Option 2: keep quiet
Another common approach: do nothing. Wake up at 3am. Wait for the alarm to pass or take the known manual action to get out of alarm. Go back to bed. Sleep fitfully, disrupted by that hit of adrenaline and cortisol. Maybe mention “Oh I got paged” in standup, but don’t make a big deal out of it.
Over time, this approach results in unhappy engineers, fostering oncall burnout. System instability degrades individual health. This is not sustainable. Here lies decreased morale and attrition.
Option 3: complain
The third: complain. Same as above, but in addition, pull your colleague aside and complain. If we’re being honest, here, the conversation is probably complaining about the bug, but also about the manager. As in, “We never work on oncall issues”. System instability degrades team health and morale. Vilifying the manager makes productive conversation harder when this bubbles over into overt conflict, even further hurting team health.
Option 4: close the feedback loop
The problem with all of the above approaches is that of a broken feedback loop. In each case, the manager who can allocate team resources isn’t aware that there’s a bug or its severity. Your manager cannot read your mind. They cannot know your pain unless you tell them. Here they’re allocating resources elsewhere because they don’t know that anything’s wrong or the cost that it’s causing their team.
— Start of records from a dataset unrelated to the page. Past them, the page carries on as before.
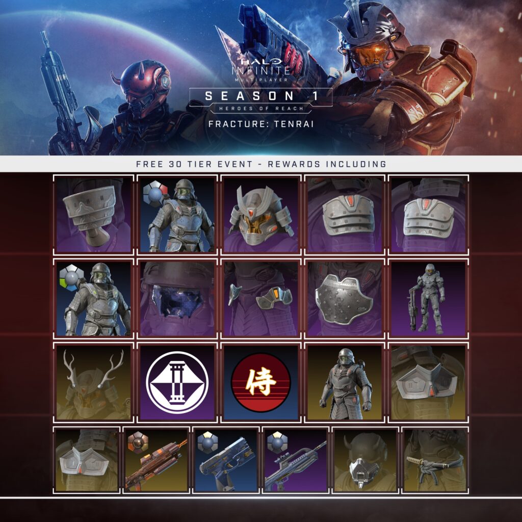 As a quick refresher: Fractures are a completely free limited-time event that returns multiple times over the course of a Season. The free Event Pass offers unique cosmetics and rewards over 30 tiers, with Tenrai being themed around the Yoroi Armor Core – a Samurai-themed Spartan. These rewards are earned by playing in the action-packed Fiesta event playlist and completing event-specific Challenges.
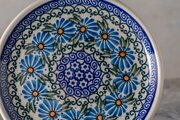 Blue daisies in bloom-an artisanal set that turns your dining table into a garden of timeless beauty.
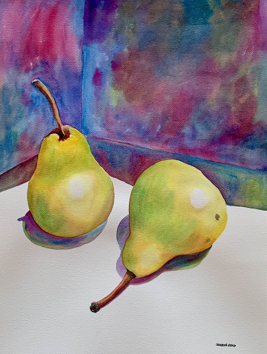 Pearfectly Placed By Christine Beard 2023 Watercolour On Paper 46 cm W x 61 cm H

This leads us to the “if you see something, say something” approach. Namely, each time something causes you pain, find the person who can do something about it and let them know just how bad it is. It is polite and professional to do so. Keeping silent deprives the manager of the information they need to do their job.
Effective feedback
Let’s talk about how to deliver this feedback effectively. First, don’t be a jerk. I’m generally grumpy after not sleeping, but a raised temper here isn’t productive. Focus on the facts. Especially numbers. Be explicit. Doing so helps make sure that the feedback will be well received. Avoid judgments, which have a tendency to distract and to put the listener on the defensive2.
As for the content, focus on 1) the information the manager needs to assess severity 2) effort to fix. When conveying severity, this means customer impact (how many customers, for how long), cost to the company, horribleness of the band-aid hack/workaround, length of oncall engagement, expected frequency, expected future impact, etc. Any badness that you can quantify. For effort, hopefully you have some ideas here. If not, find the tech lead / system owner and talk with them.
Bad: “The alarm fired last night”.
Good: “I got woken up at 3am by the alarm. Waiting for recovery took thirty minutes. One hundred customers were unable to access our endpoint during that thirty minute time. I only slept four hours total. This is the third time this week. We expect the issue to keep happening at that frequency. After talking with Jenny, it looks like fixing will take one engineer about one week”.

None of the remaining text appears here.